Task to carry out: Give every entry below again, exactly as written, and skip the images.

Exercise material below:

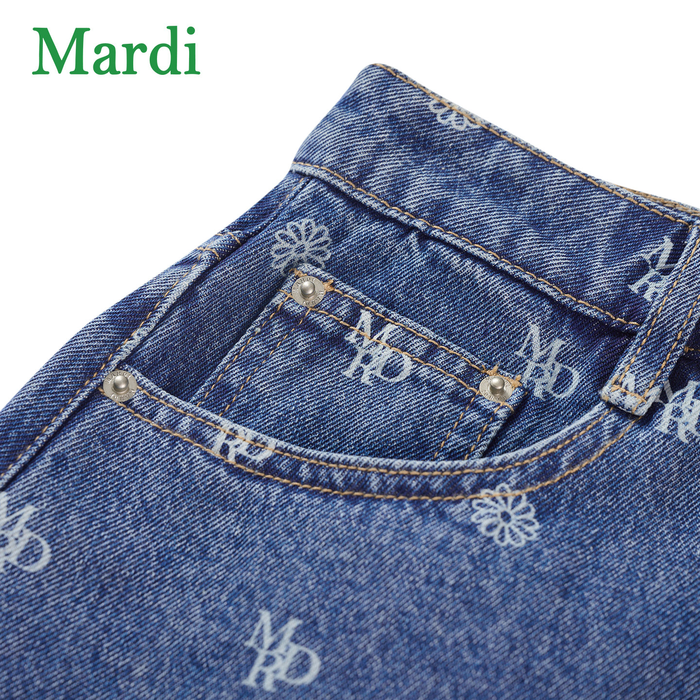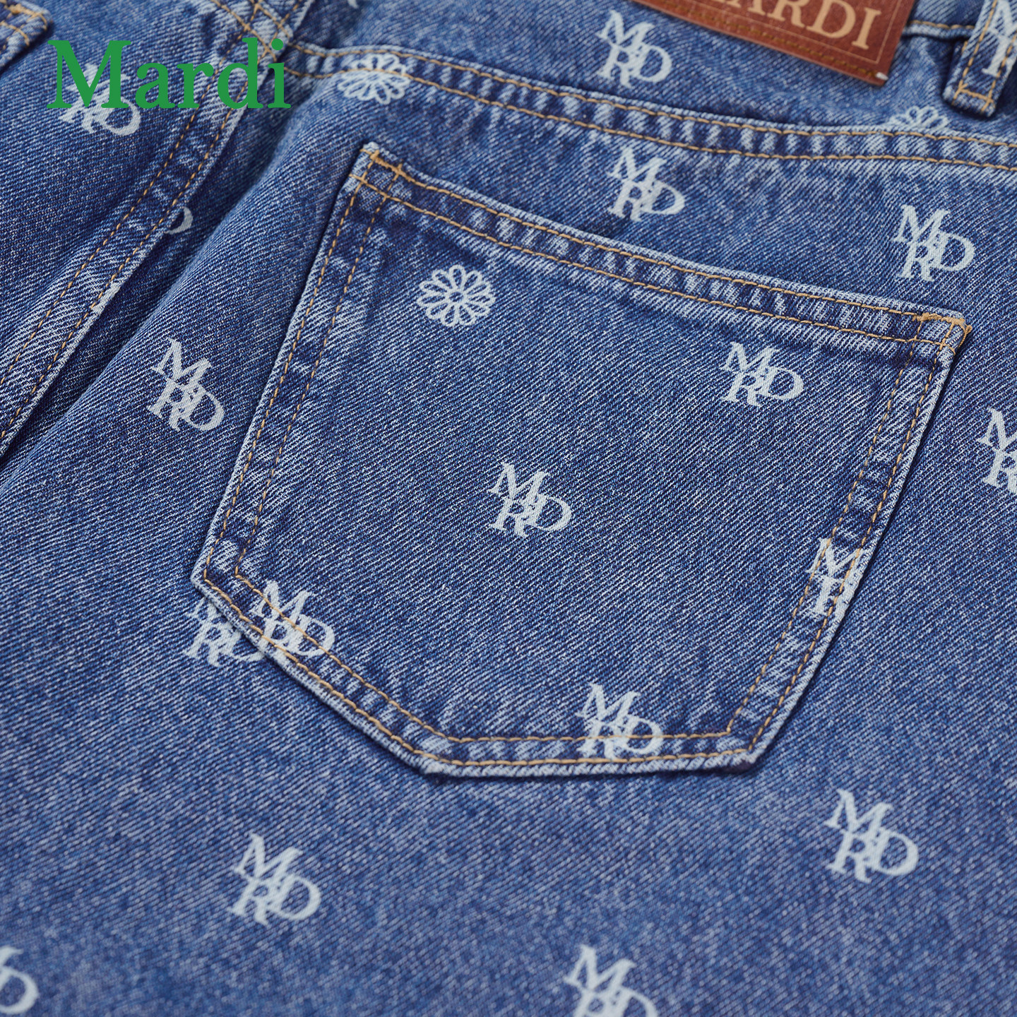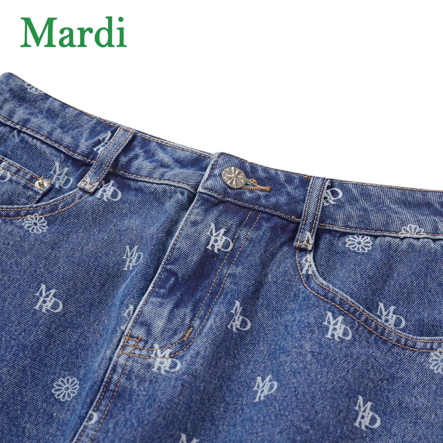 MARDI牛仔风A字半身裙女中长款蓝色字母时尚百搭休闲半裙中腰
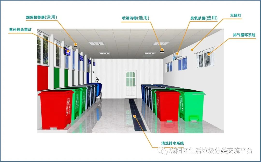 “撤桶并点”作为一种新的垃圾分类管理模式,可以将大量的、分散的垃圾桶撤除,在美化小区环境的同时有利于垃圾分类工作的集中管理。在将桶点进行规划合并后,小区将在合并点建设标准化密闭分类垃圾房,该类垃圾房集垃圾分类称重功能、人脸识别、线上APP、积分兑换、多媒体宣传服务、清洁、防雨、照明、监控等功能于一体,房内配备四分类垃圾桶,并具有杀菌、除虫、除臭功能。
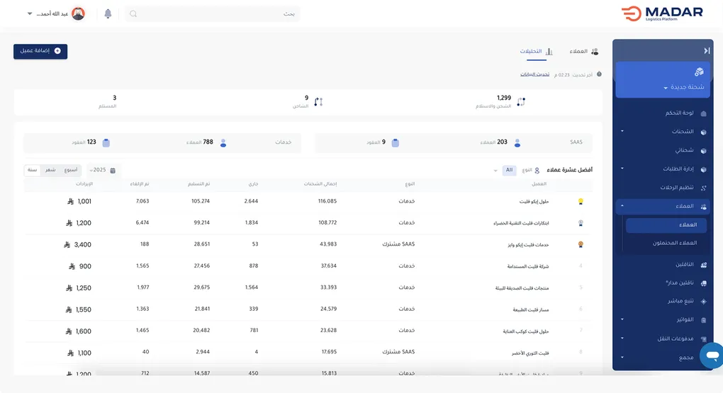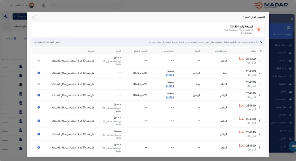 مع مدار، يمكنك الوصول إلى شبكة أوسع من العملاء، وتحليل اتجاهات الطلب حسب نوع الحمولة والوجهات، مما يعزّز كفاءتك ويزيد فرص النمو.
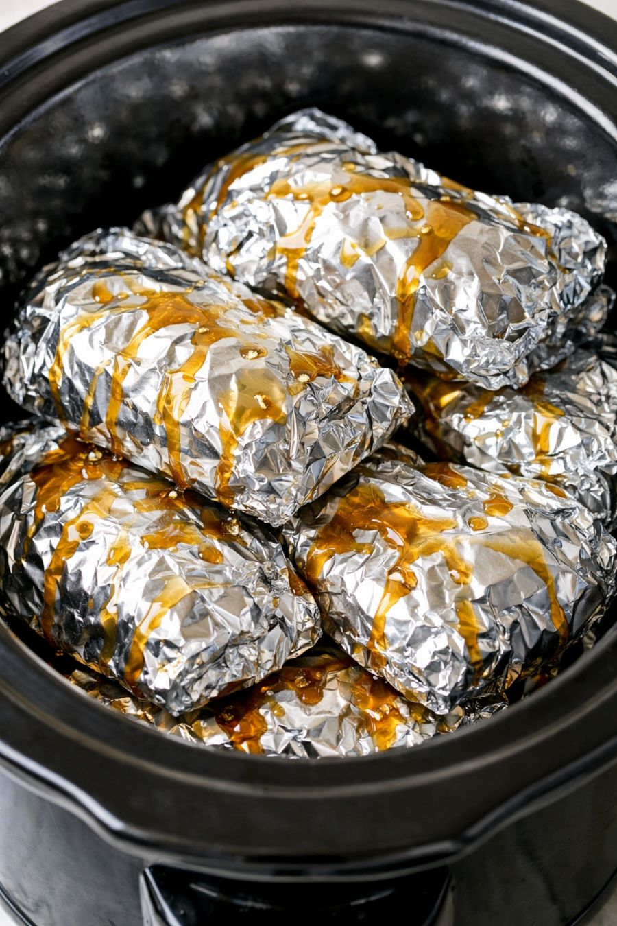 Arrange the sealed foil packets in the slow cooker in a single layer as much as possible, stacking slightly if needed. The shiny foil packets should fit snugly but not be crushed.
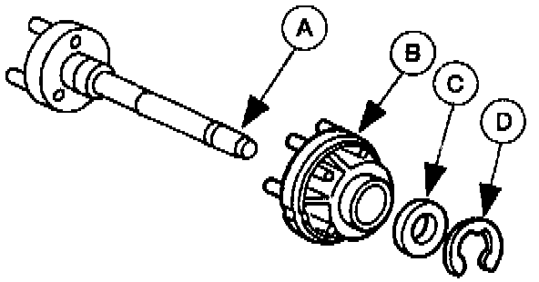 6. Lubricate the (A) output shaft spline with 20W Syncolon SCC-4-030 or equivalent meeting Ford specification WSF-M1C218-B and install the (B) stationary gear, the (C) pinion thrust washer, and the (D) E-ring.
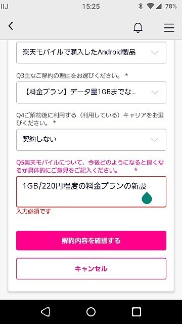 ですから解約手続き途中で出てくるアンケートにこのように書きました。
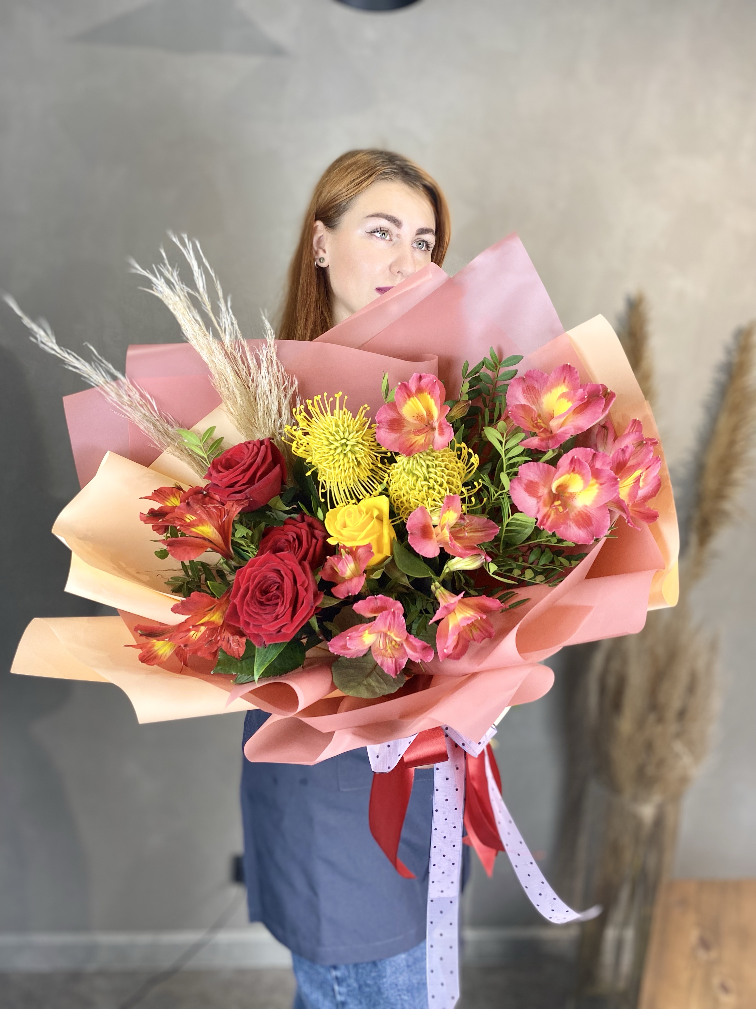розы одноголовые, альстромерия, нутан, писташ, сухоцвет, лента, дизайнерская упаковка.

End of Exercise material.

Exercise answer:
 MARDI牛仔风A字半身裙女中长款蓝色字母时尚百搭休闲半裙中腰
 “撤桶并点”作为一种新的垃圾分类管理模式,可以将大量的、分散的垃圾桶撤除,在美化小区环境的同时有利于垃圾分类工作的集中管理。在将桶点进行规划合并后,小区将在合并点建设标准化密闭分类垃圾房,该类垃圾房集垃圾分类称重功能、人脸识别、线上APP、积分兑换、多媒体宣传服务、清洁、防雨、照明、监控等功能于一体,房内配备四分类垃圾桶,并具有杀菌、除虫、除臭功能。
 مع مدار، يمكنك الوصول إلى شبكة أوسع من العملاء، وتحليل اتجاهات الطلب حسب نوع الحمولة والوجهات، مما يعزّز كفاءتك ويزيد فرص النمو.
 Arrange the sealed foil packets in the slow cooker in a single layer as much as possible, stacking slightly if needed. The shiny foil packets should fit snugly but not be crushed.
 6. Lubricate the (A) output shaft spline with 20W Syncolon SCC-4-030 or equivalent meeting Ford specification WSF-M1C218-B and install the (B) stationary gear, the (C) pinion thrust washer, and the (D) E-ring.
 ですから解約手続き途中で出てくるアンケートにこのように書きました。
розы одноголовые, альстромерия, нутан, писташ, сухоцвет, лента, дизайнерская упаковка.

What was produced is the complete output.